> _MATERIAL FOR THIS TASK_
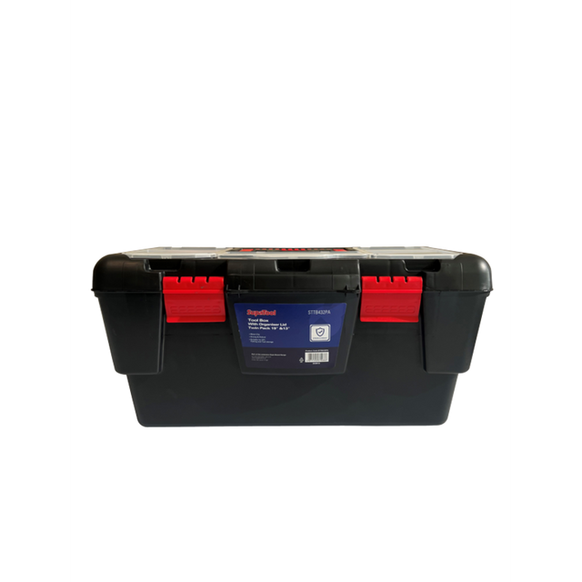SupaTool Tool Box With Organiser Lid Twin Pack 13" & 19" Strong and Robust Organiser Lid Suitable for DIY, Fishing and Tool storage
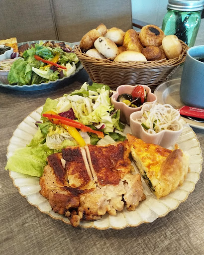 モーニングも人気のようですが、11時からのランチはセットを注文で、パンの食べ放題が付きます。 デリサラダプレートセットのサーモンのハニーマスタードをたのみましたが、たくさんの野菜、キッシュ、2種のデリが見栄えよくワンプレートで盛られ、インスタ映えします。メインのサーモンのハニーマスタードはグリル加減が程よく、味付けも甘くマスタードのパンチの効いた自宅では食べられない味に感じられ、美味しかったです。 デリサラダプレートのメインは他にはチキングリル、トマトハンバーグ、ローストビーフ、シーフードミックスフライなど。 パン食べ放題のコーナーには、このお店の売りの極食パンをはじめ、ベーグル、レーズンパン、ブリーベリー、ミルク、メープル、バタークロワッサン、チョコデニッシュ、もちっとナン、スフレブレッドなど、ちょうど良いミニサイズのパンがたくさんありました。 カゴに好きな分だけ取るスタイルです。 そのままでも、もちろん美味しいですが、備え付けのオーブントースターで温めることもできます。 どのパンもクセになる美味しさで、何度もおかわりしてしまいました。 特に紅茶とアップルのパンがお気に入りです。また来店した...
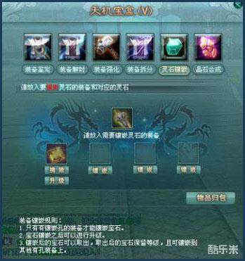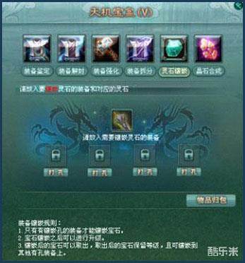 1、装备在镶嵌灵石之前,需要先对装备进行开孔,可以镶嵌相对应类型的宝石。
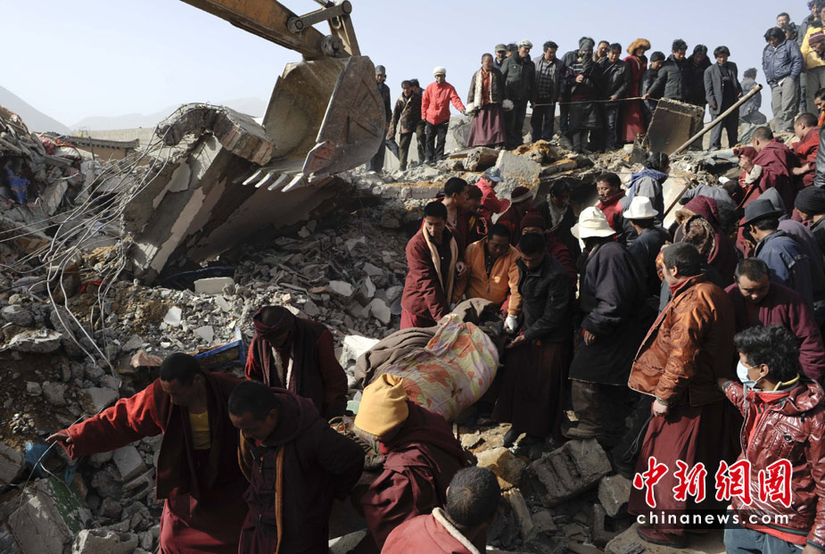 4月15日,青海玉樹縣勝利路口,玉樹當(dāng)?shù)厣畟H和民眾正在積極救援被困廢墟的民眾。中新社發(fā) 廖攀 攝
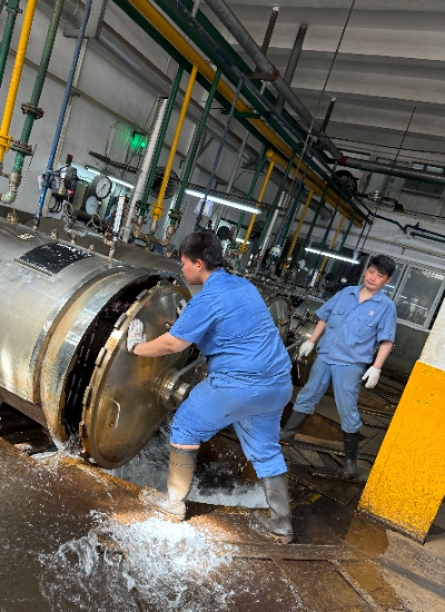 梅林有限杀菌工段、空罐车间、铲车等高温岗位,工作环境的高温给员工带来不适,尤其是杀菌工段体感温度达到40度以上,蒸腾的锅炉不断给狭小的空间加温;铲车司机也始终在烈日暴晒下穿梭,每当铲车一点火运行起来,整个人就像在烤箱里烘烤一样。但他们无畏炙热,坚守岗位,值得所有员工敬佩。
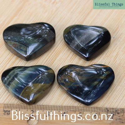 Blue Tiger’s Eye, also known as Hawk’s Eye, is a member of the quartz family and a pseudomorph of crocidolite, where fibrous asbestos-like minerals have been replaced by silica while retaining the original fibrous structure. This gives the stone its distinctive silky chatoyancy — a shimmering, reflective effect that appears to move across the surface. Its deep blue to blue-grey tones are due to natural iron staining and oxidation processes. On the Mohs scale, it has a hardness of about 6.5 to 7, making it durable for jewellery and ornamental use. Metaphysically, Blue Tiger’s Eye is associated with calm focus, inner vision, and clear communication. It is believed to soothe stress, enhance intuition, and open the throat and third eye chakras, encouraging clarity in thought and speech. Often used for calming overactive minds, it is thought to help balance emotional energy while maintaining a strong, grounded presence.
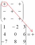 Сравните два решения. Нетрудно заметить, что это ОДНО И ТО ЖЕ, просто во втором случае немного переставлены множители формулы, и, самое главное, вероятность допустить ошибку значительно меньше. Теперь рассмотрим шесть нормальных способов для вычисления определителя Почему нормальных? Потому-что в подавляющем большинстве случаев определители требуется раскрывать именно так. Как Вы заметили, у определителя «три на три» три столбца и три строки. Определитель матрицы равен сумме произведений элементов строки (столбца) на соответствующие алгебраические дополнения. Страшно? Все намного проще, будем использовать ненаучный, но понятный подход, доступный даже для человека, далекого от математики. В следующем примере будем раскрывать определитель по первой строке. Внимание! Матрица знаков – это мое собственное изобретение. Данное понятие не научное, его не нужно использовать в чистовом оформлении заданий, оно лишь помогает Вам понять алгоритм вычисления определителя. Сначала я приведу полное решение. Снова берем наш подопытный определитель и проводим вычисления:
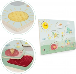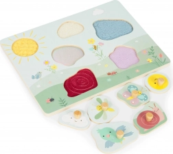 Táto zmyslová vkladačka podporuje prirodzenú zvedavosť detí: pri vkladaní dielikov deti skúmajú rôzne farby, tvary a štruktúry, čím si posilňujú jemnú motoriku, koordináciu oko–ruka a kognitívne zručnosti. Každý dielik má drevenú úchytku na pohodlné uchopenie aj malými prštekmi.
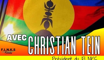 Meeting FLNKS avec Christian Tein, président du FLNKS, Oriane Trolue, Emmanuel Tjibaou, Robert Xowie et Mickael Forrest.
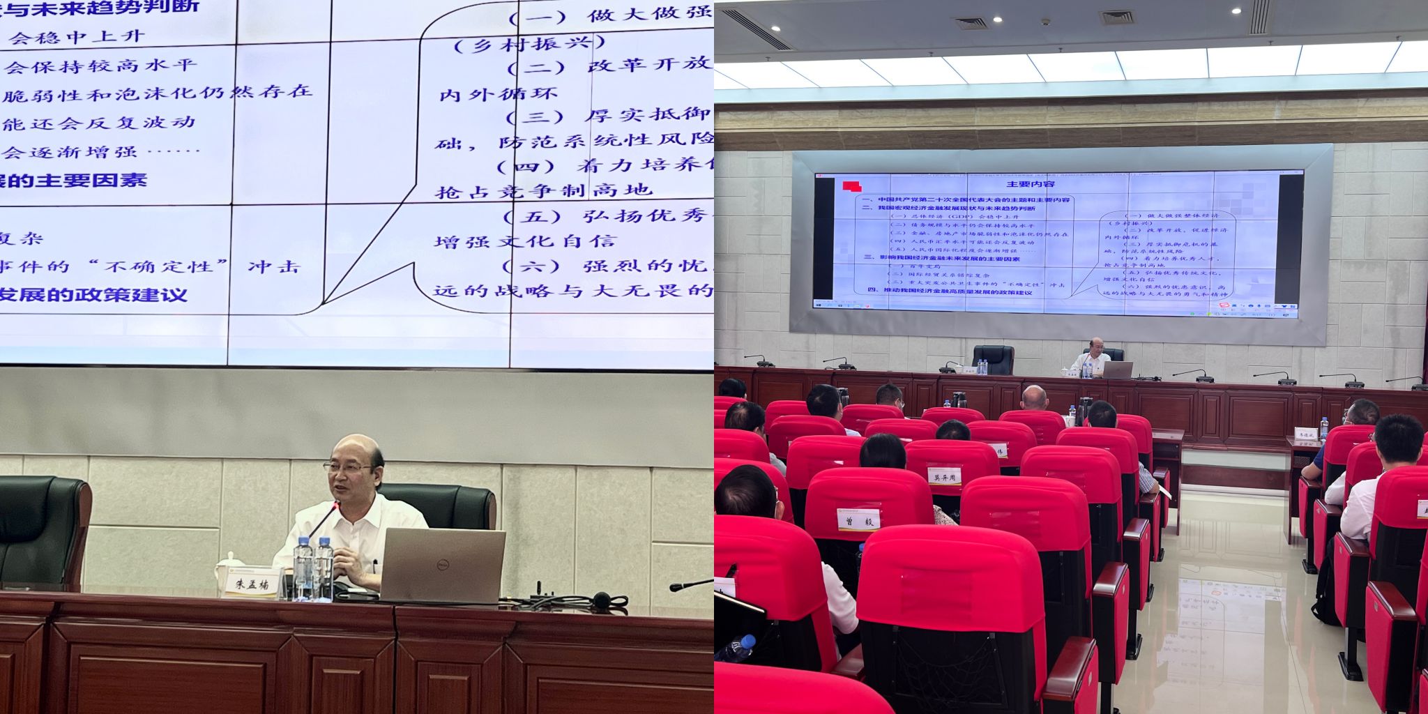 走访调研中,着重听取了广西对人才方面的迫切需求以及广西在面向东盟、衔接“一带一路”的地理优势和独特民族文化资源,结合厦大的学科建设和发展、人才培养模式及我院各类业务的开展情况和转型发展规划等,在区域性经济金融研究、干部队伍人才培养、数字经济金融专业人才培训等继续教育方面的合作,与各单位进行了深入的交流。通过多方的了解和实地察看,提出了许多建设性建议,拓展了校地合作的广阔空间。调研期间,朱孟楠院长结合党的二十大精神,专门为广西农村投资集团的中高层管理干部讲授了题为《党的二十大后宏观经济金融发展态势与未来政策选择》专题,回顾了党的十八大以来,我国相继推出的系列重大改革及取得的显著成效,对我国宏观经济金融发展现状、特点做了系统的分析,对未来经济金融发展趋势做出了判断,并结合广西壮族自治区和农投集团的发展现状,提出了推动我国经济金融高质量发展的政策建议。

> _AIM OF THE TASK_
Nothing but the lines from the one containing "4月15日,青海玉樹縣勝利路口,玉樹當(dāng)?shù)厣畟H和民眾正在積極救援被困廢墟的民眾。中新社發(fā) 廖攀 攝" through the one containing "梅林有限杀菌工段、空罐车间、" should appear, copied exactly from the material above and without pictures.

> _RESULT FOR THIS EXERCISE_
 4月15日,青海玉樹縣勝利路口,玉樹當(dāng)?shù)厣畟H和民眾正在積極救援被困廢墟的民眾。中新社發(fā) 廖攀 攝
 梅林有限杀菌工段、空罐车间、铲车等高温岗位,工作环境的高温给员工带来不适,尤其是杀菌工段体感温度达到40度以上,蒸腾的锅炉不断给狭小的空间加温;铲车司机也始终在烈日暴晒下穿梭,每当铲车一点火运行起来,整个人就像在烤箱里烘烤一样。但他们无畏炙热,坚守岗位,值得所有员工敬佩。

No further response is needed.